§ **WORKING DATA**
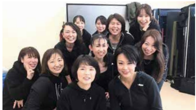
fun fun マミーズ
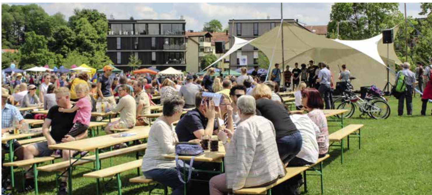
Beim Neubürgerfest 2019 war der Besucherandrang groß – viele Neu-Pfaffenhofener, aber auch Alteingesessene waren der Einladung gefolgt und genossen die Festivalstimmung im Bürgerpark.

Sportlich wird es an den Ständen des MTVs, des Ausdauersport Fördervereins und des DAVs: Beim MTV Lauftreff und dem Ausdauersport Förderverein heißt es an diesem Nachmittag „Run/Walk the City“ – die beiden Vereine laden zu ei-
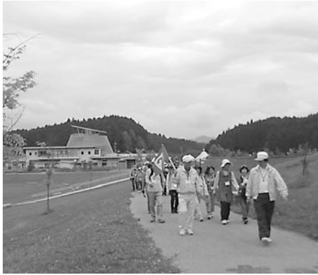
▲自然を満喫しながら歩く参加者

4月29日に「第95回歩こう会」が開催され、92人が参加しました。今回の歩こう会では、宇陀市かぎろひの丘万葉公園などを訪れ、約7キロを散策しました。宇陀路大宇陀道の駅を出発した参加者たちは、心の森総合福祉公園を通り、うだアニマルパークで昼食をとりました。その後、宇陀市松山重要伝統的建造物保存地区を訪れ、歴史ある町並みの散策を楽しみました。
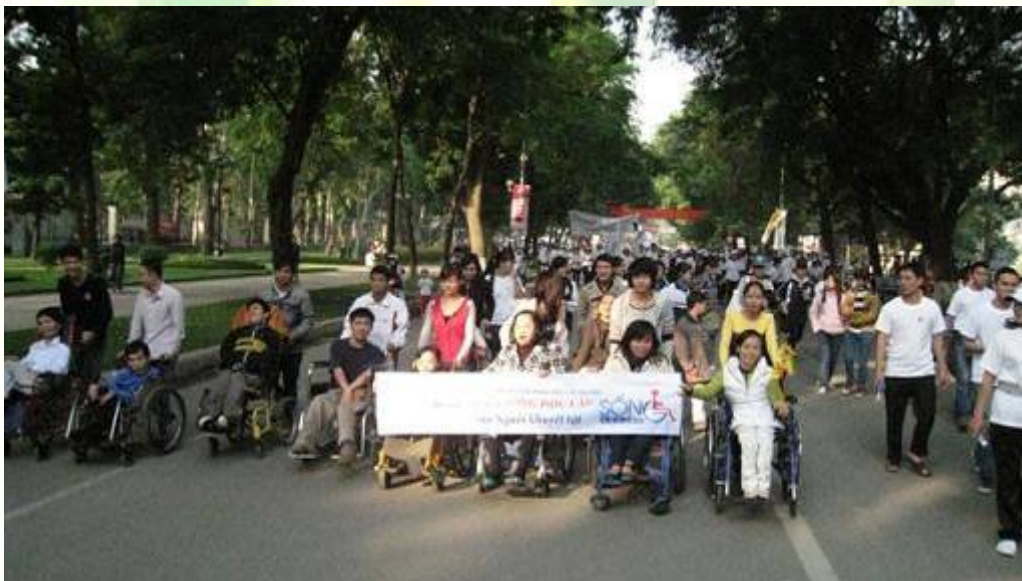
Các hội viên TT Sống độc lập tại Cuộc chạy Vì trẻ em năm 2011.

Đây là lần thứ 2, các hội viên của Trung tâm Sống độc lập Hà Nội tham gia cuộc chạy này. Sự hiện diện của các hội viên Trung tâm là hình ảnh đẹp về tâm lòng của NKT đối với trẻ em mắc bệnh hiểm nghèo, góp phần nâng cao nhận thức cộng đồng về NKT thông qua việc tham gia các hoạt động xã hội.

--

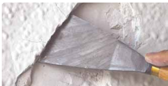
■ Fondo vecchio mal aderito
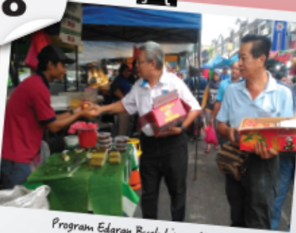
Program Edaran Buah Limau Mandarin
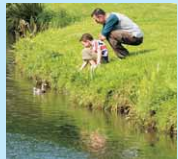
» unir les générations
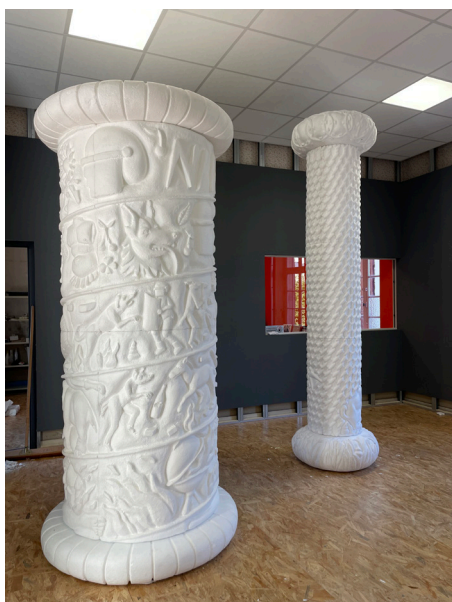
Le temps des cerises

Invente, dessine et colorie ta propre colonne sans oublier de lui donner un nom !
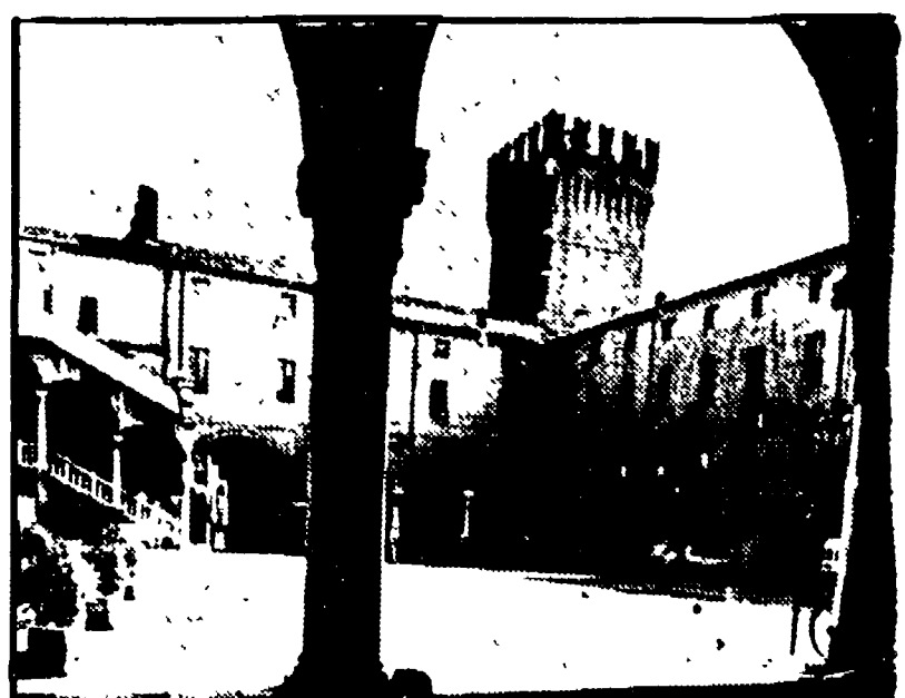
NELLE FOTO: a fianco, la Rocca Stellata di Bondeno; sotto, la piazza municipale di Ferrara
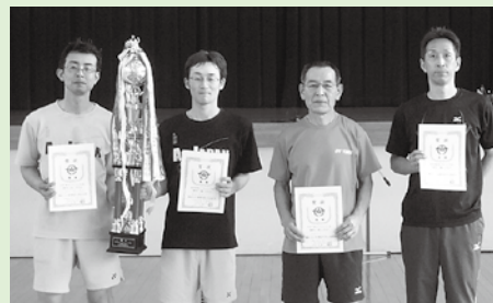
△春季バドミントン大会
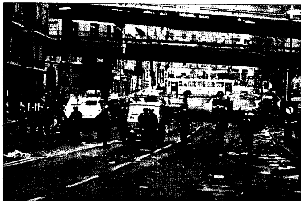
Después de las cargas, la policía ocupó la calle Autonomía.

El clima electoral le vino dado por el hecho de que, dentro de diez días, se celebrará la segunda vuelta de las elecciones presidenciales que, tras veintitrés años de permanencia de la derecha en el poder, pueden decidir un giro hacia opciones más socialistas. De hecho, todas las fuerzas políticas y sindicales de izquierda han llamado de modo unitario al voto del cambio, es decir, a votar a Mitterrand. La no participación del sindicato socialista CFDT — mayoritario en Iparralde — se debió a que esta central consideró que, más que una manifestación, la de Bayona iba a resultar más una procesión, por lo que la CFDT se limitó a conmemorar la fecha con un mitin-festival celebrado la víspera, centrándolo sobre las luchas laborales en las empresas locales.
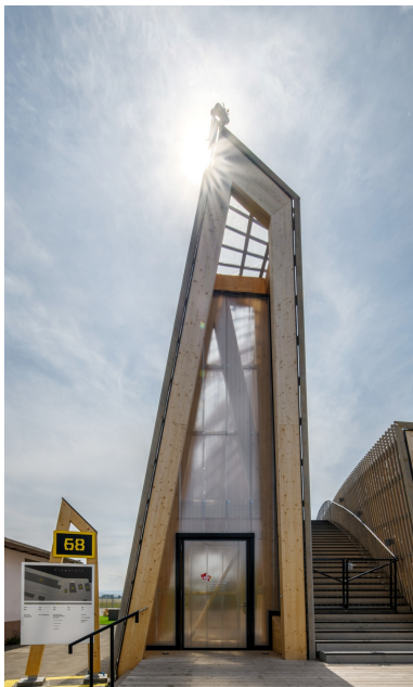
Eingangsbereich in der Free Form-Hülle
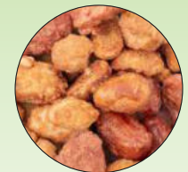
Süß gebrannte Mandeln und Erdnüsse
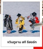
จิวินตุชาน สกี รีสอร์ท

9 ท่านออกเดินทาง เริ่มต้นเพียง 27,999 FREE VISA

§ **PROMPT**
Above are records; repeat only the lines from the line with "fun fun マミーズ" through the line with "Đây là lần thứ", and leave pictures out.

§ **WRITTEN REPLY**
fun fun マミーズ
Beim Neubürgerfest 2019 war der Besucherandrang groß – viele Neu-Pfaffenhofener, aber auch Alteingesessene waren der Einladung gefolgt und genossen die Festivalstimmung im Bürgerpark.

Sportlich wird es an den Ständen des MTVs, des Ausdauersport Fördervereins und des DAVs: Beim MTV Lauftreff und dem Ausdauersport Förderverein heißt es an diesem Nachmittag „Run/Walk the City“ – die beiden Vereine laden zu ei-
▲自然を満喫しながら歩く参加者

4月29日に「第95回歩こう会」が開催され、92人が参加しました。今回の歩こう会では、宇陀市かぎろひの丘万葉公園などを訪れ、約7キロを散策しました。宇陀路大宇陀道の駅を出発した参加者たちは、心の森総合福祉公園を通り、うだアニマルパークで昼食をとりました。その後、宇陀市松山重要伝統的建造物保存地区を訪れ、歴史ある町並みの散策を楽しみました。
Các hội viên TT Sống độc lập tại Cuộc chạy Vì trẻ em năm 2011.

Đây là lần thứ 2, các hội viên của Trung tâm Sống độc lập Hà Nội tham gia cuộc chạy này. Sự hiện diện của các hội viên Trung tâm là hình ảnh đẹp về tâm lòng của NKT đối với trẻ em mắc bệnh hiểm nghèo, góp phần nâng cao nhận thức cộng đồng về NKT thông qua việc tham gia các hoạt động xã hội.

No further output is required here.